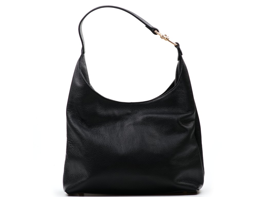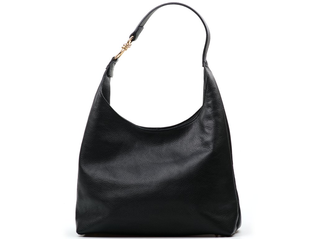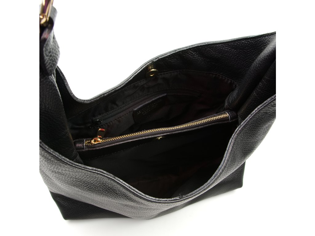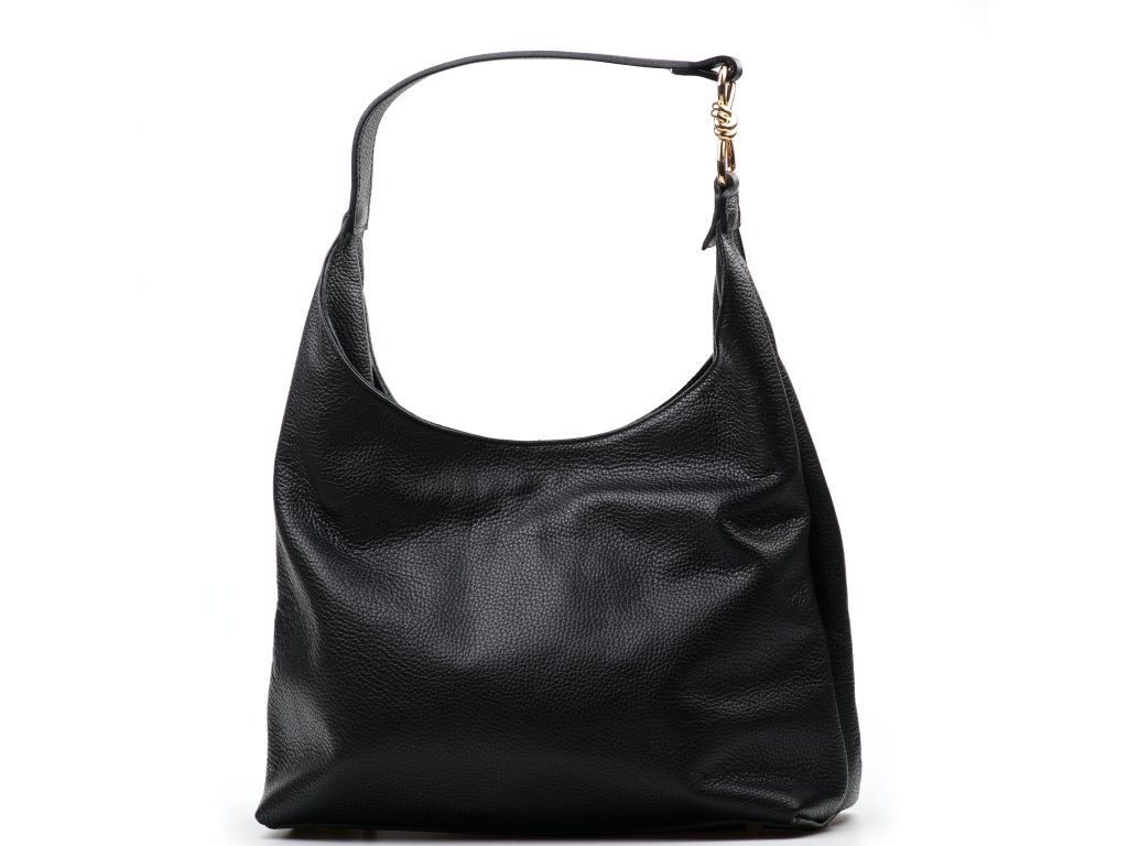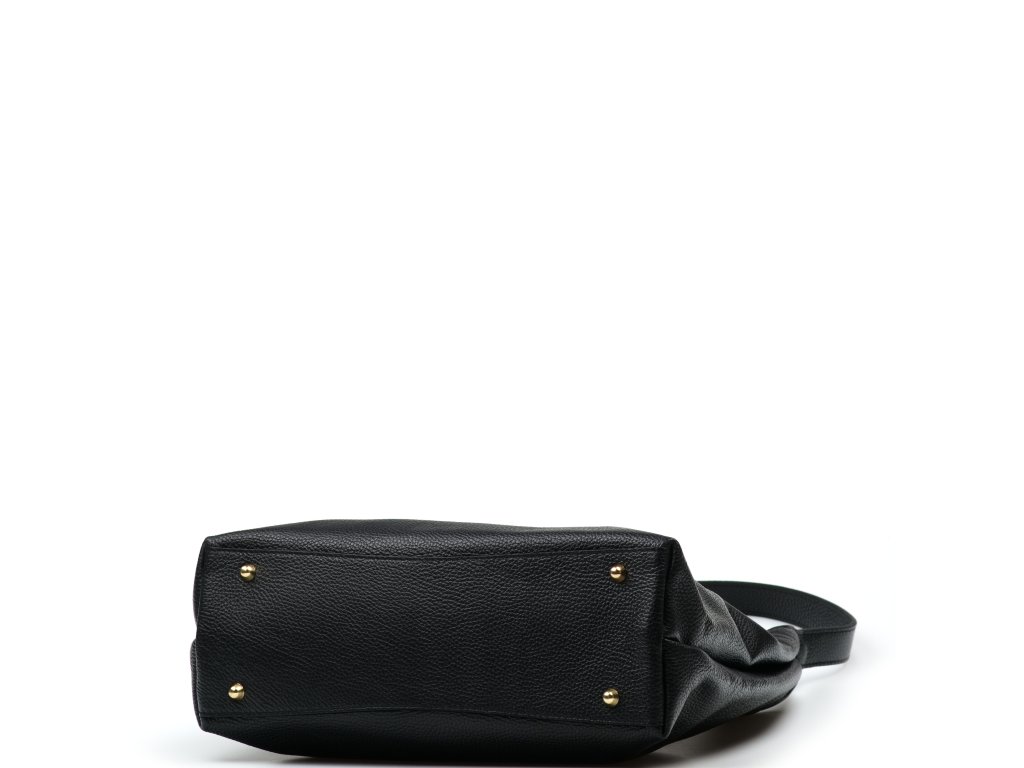 Minimalistická kožená kabelka přes rameno v černé barvě působí elegantně a nadčasově. Její interiér nabízí tři praktické úložné kapsy, z nichž prostřední se uzavírá zipem pro bezpečné uložení cenností. Jemným detailem, který kabelce dodává ženský šarm, je zlatá mašle umístěná na uchu. Kabelka se uzavírá cvokem.
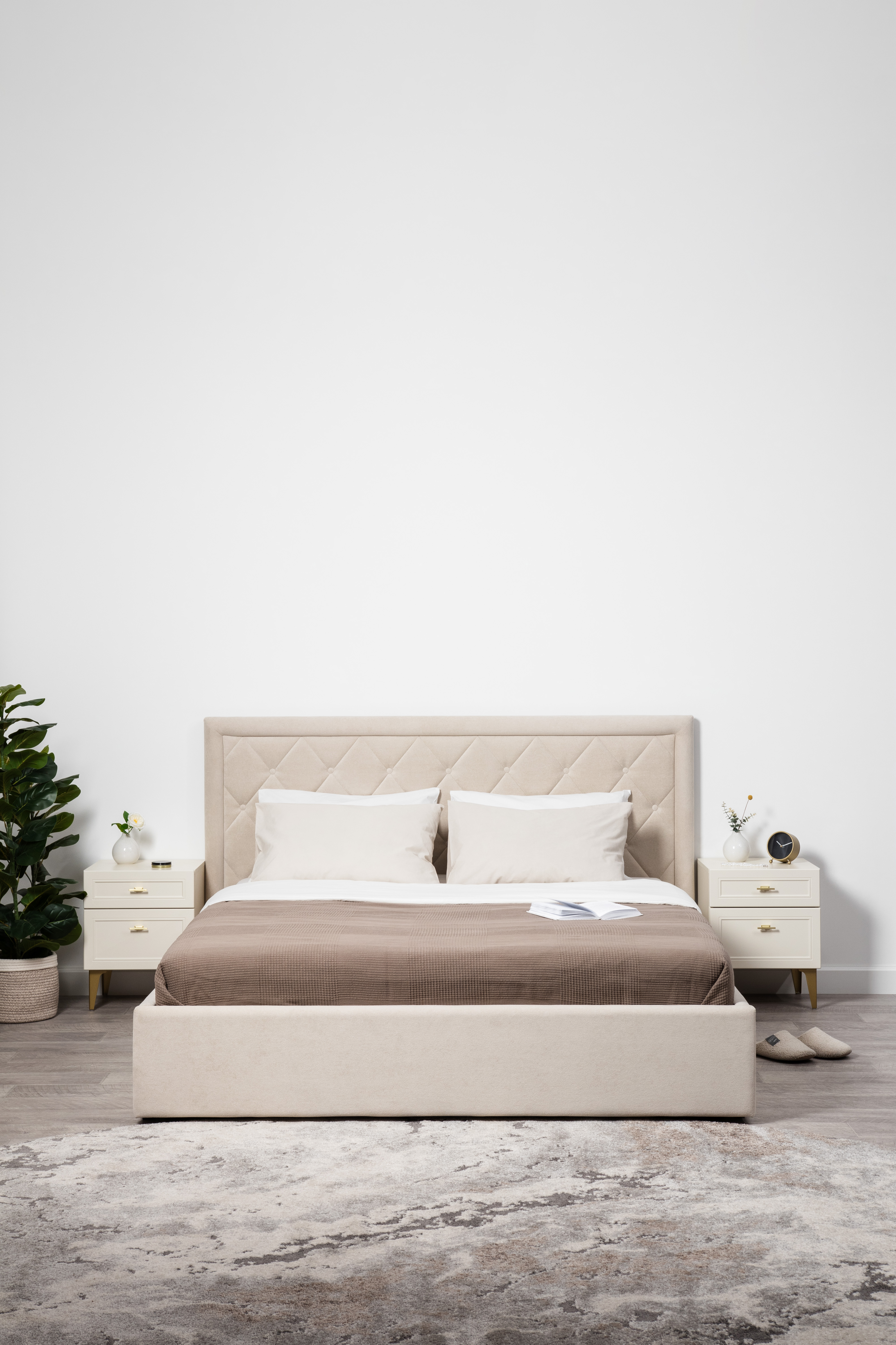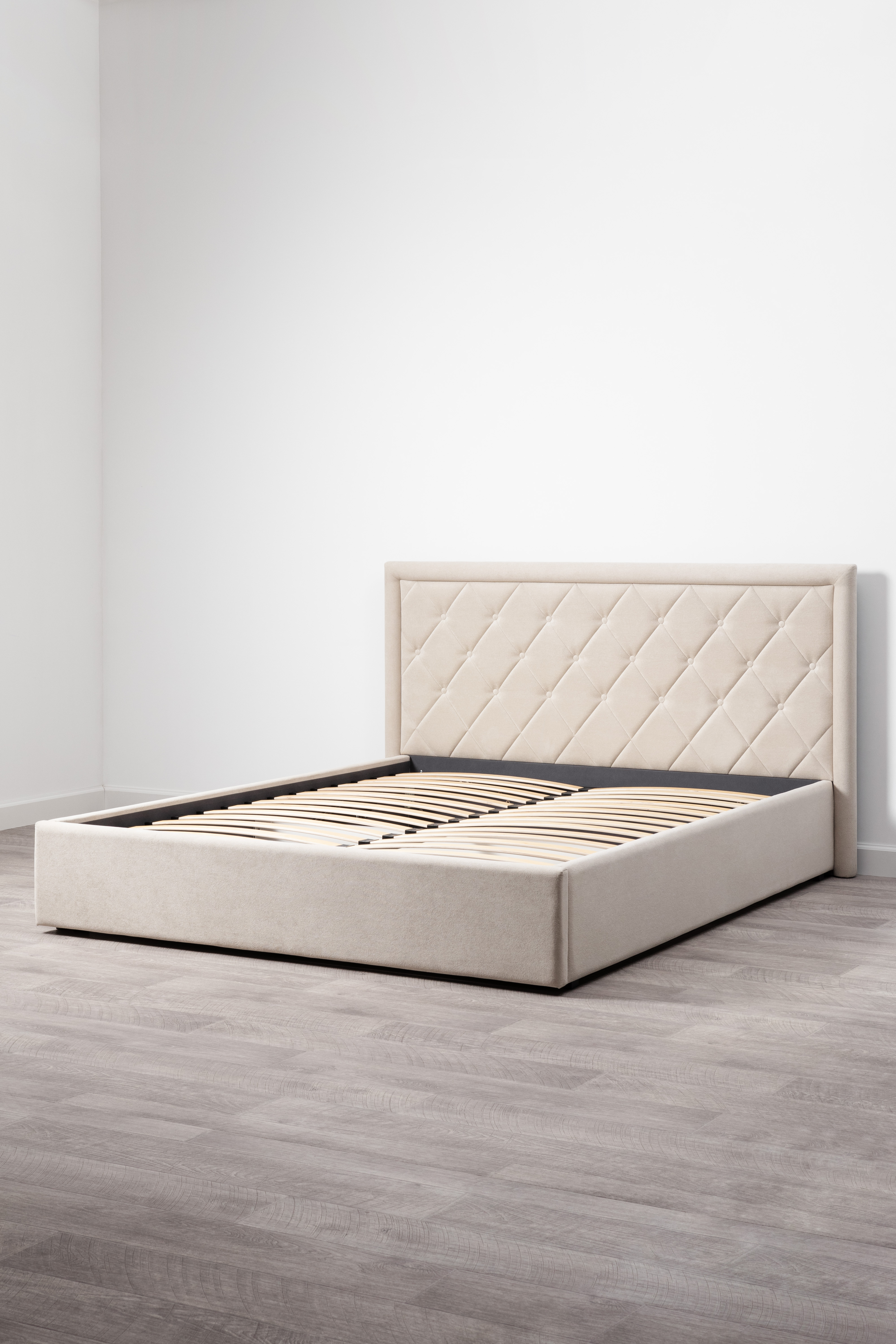 Кровать Марион 160 велюр OCEAN 002 бежевый с ортопедическим основанием и подъемным механизмом (спальное место 160 х 200)
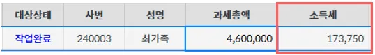 소득세 계산 : 186,250원 - 12,500원 = 173,750원
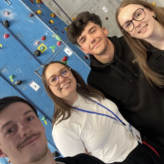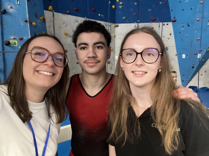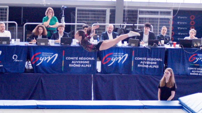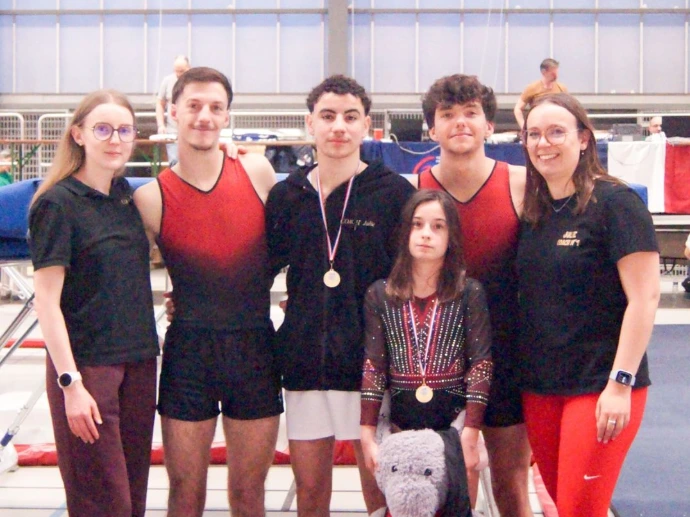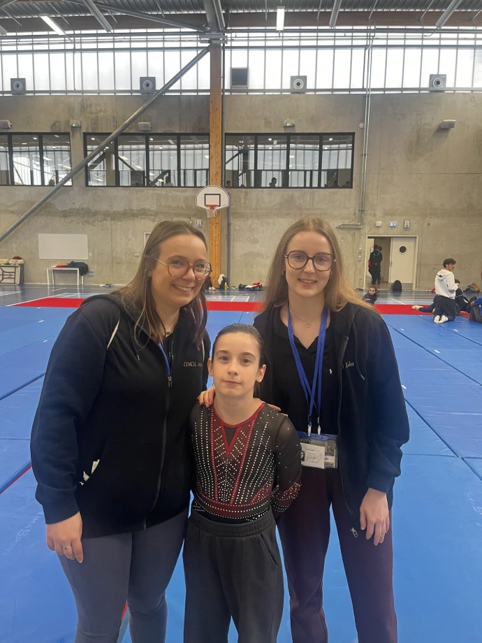 Lors du week-end des 21 et 22 mars 2026, l'équipe compétition a accompagné nos quatre athlètes engagés en filière Nationale : Andy, Hichem, Pierre et Lou. Partis le vendredi, nous sommes arrivés à Montluçon après deux heures de route pour l'entraînement sur plateau. La salle était partagée avec le tumbling et la gymnastique acrobatique, ce qui a été une belle occasion pour beaucoup de nos compétiteurs de découvrir ces sports de plus près !
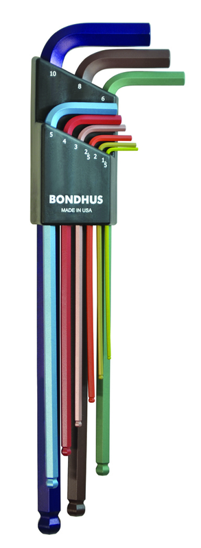 •Arm Length: 2.8 - 6.8" •Arm Style: Color Code Long •Brand Name: Bondhus •Driver Style: Ball End •Made In: USA •Number of Pieces: 9 •Overall Length: 11 •Set Includes: 1.5, 2, 2.5, 3, 4, 5, 6, 8, 10mm •Size: 1.5 - 10mm
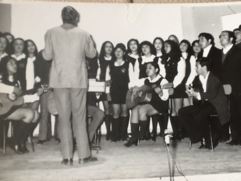 Aquí estoy dirigiendo el coro «Todos Juntos» del cole… Podemos ver también a Pablo Zamorano, a Santiago Pozo, a las hermanas Zulantay, las Báez, los Maturana y otros… Por el año 1973…
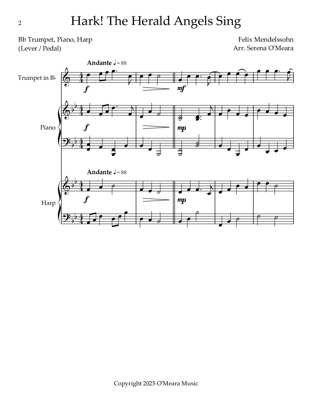 Hark! The Herald Angels Sing, Trio for Bb Trumpet, Piano & Harp
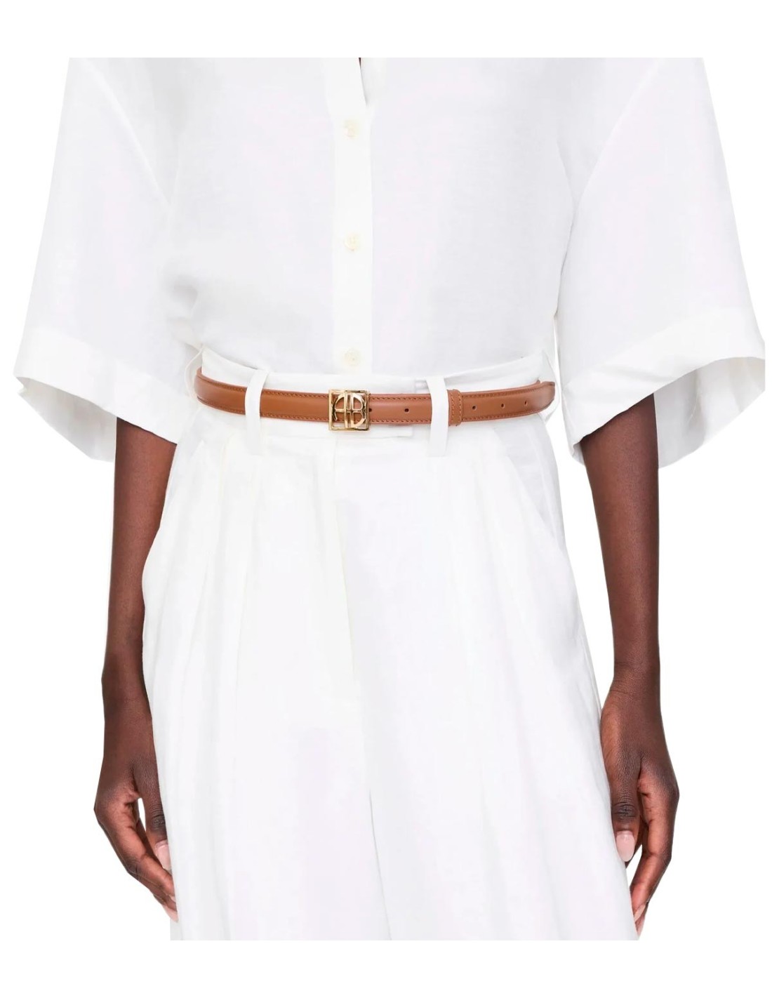 El Cinturón con Logo de Anine Bing es un accesorio sofisticado en color marrón que eleva cualquier conjunto. Su diseño clásico se complementa con una elegante hebilla cuadrada en dorado, que incorpora el logo distintivo de la marca. Fabricado con materiales de alta calidad, ofrece un ajuste cómodo y duradero. Es el complemento perfecto para añadir un toque refinado a tu look diario.
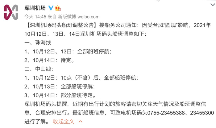 12日下午,深圳机场码头船班调整公告,接船务公司通知:因受台风“圆规”影响,2021年10月12日、13日、14日深圳机场码头船班调整如下:
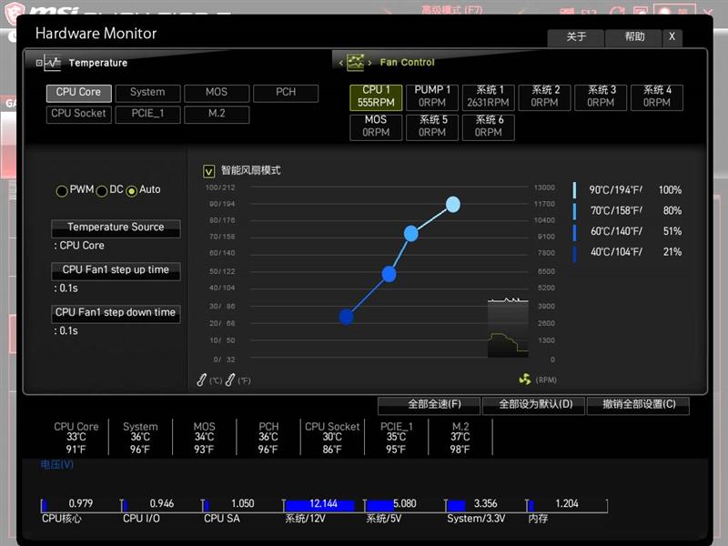 8个风扇都可以单独依据CPU、MOS、主板或者机箱内部温度来设置温度曲线。
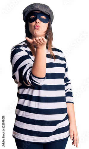 Young beautiful brunette woman wearing burglar mask looking at the camera blowing a kiss with hand on air being lovely and sexy. love expression.
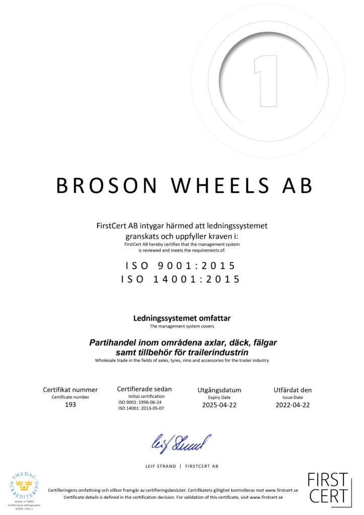 För att leva upp till våra kunders, leverantörers och medarbetares förväntningar arbetar vi därför på ett systematiskt sätt med både kvalitet och miljö för att uppnå ständiga förbättringar. Som ett bevis på vårt åtagande är Broson sedan 1996 certifierat enligt ISO 9001 och sedan 2013 är vi även certifierade enligt ISO 14001.”
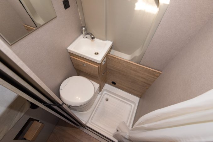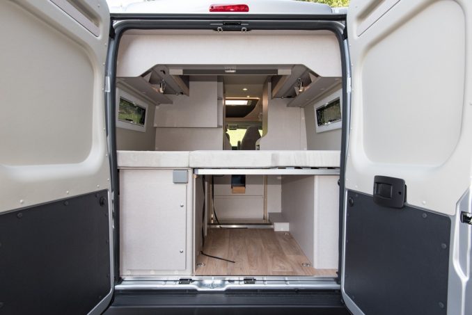 Placé à l’arrière, transversalement, le lit offre des dimensions honorables (130/140 x 196 cm) bien que son matelas perde 10 cm au pied, pour dégager plus de volume à la salle d’eau attenante. Le sommier en deux parties, dont une relevable sur le flanc droit, accroît la modularité de la soute. Pour minimiser les ponts thermiques, aucune baie n’est prévue sur les portes arrière. Globecar en monte juste deux petites de part et d’autre du lit. Pour accueillir éventuellement une troisième personne pour la nuit, un couchage d’appoint (70 x 196 cm), aménageable en dînette, est disponible. Sa mise en place demande un peu de pratique et son confort reste sommaire.

+ + + + +

**What you are asked to do**
Leaving pictures out, output the lines of the data above from the one with "Aquí estoy dirigiendo" through the one with "El Cinturón con", word for word.

**Exercise answer**
 Aquí estoy dirigiendo el coro «Todos Juntos» del cole… Podemos ver también a Pablo Zamorano, a Santiago Pozo, a las hermanas Zulantay, las Báez, los Maturana y otros… Por el año 1973…
 Hark! The Herald Angels Sing, Trio for Bb Trumpet, Piano & Harp
 El Cinturón con Logo de Anine Bing es un accesorio sofisticado en color marrón que eleva cualquier conjunto. Su diseño clásico se complementa con una elegante hebilla cuadrada en dorado, que incorpora el logo distintivo de la marca. Fabricado con materiales de alta calidad, ofrece un ajuste cómodo y duradero. Es el complemento perfecto para añadir un toque refinado a tu look diario.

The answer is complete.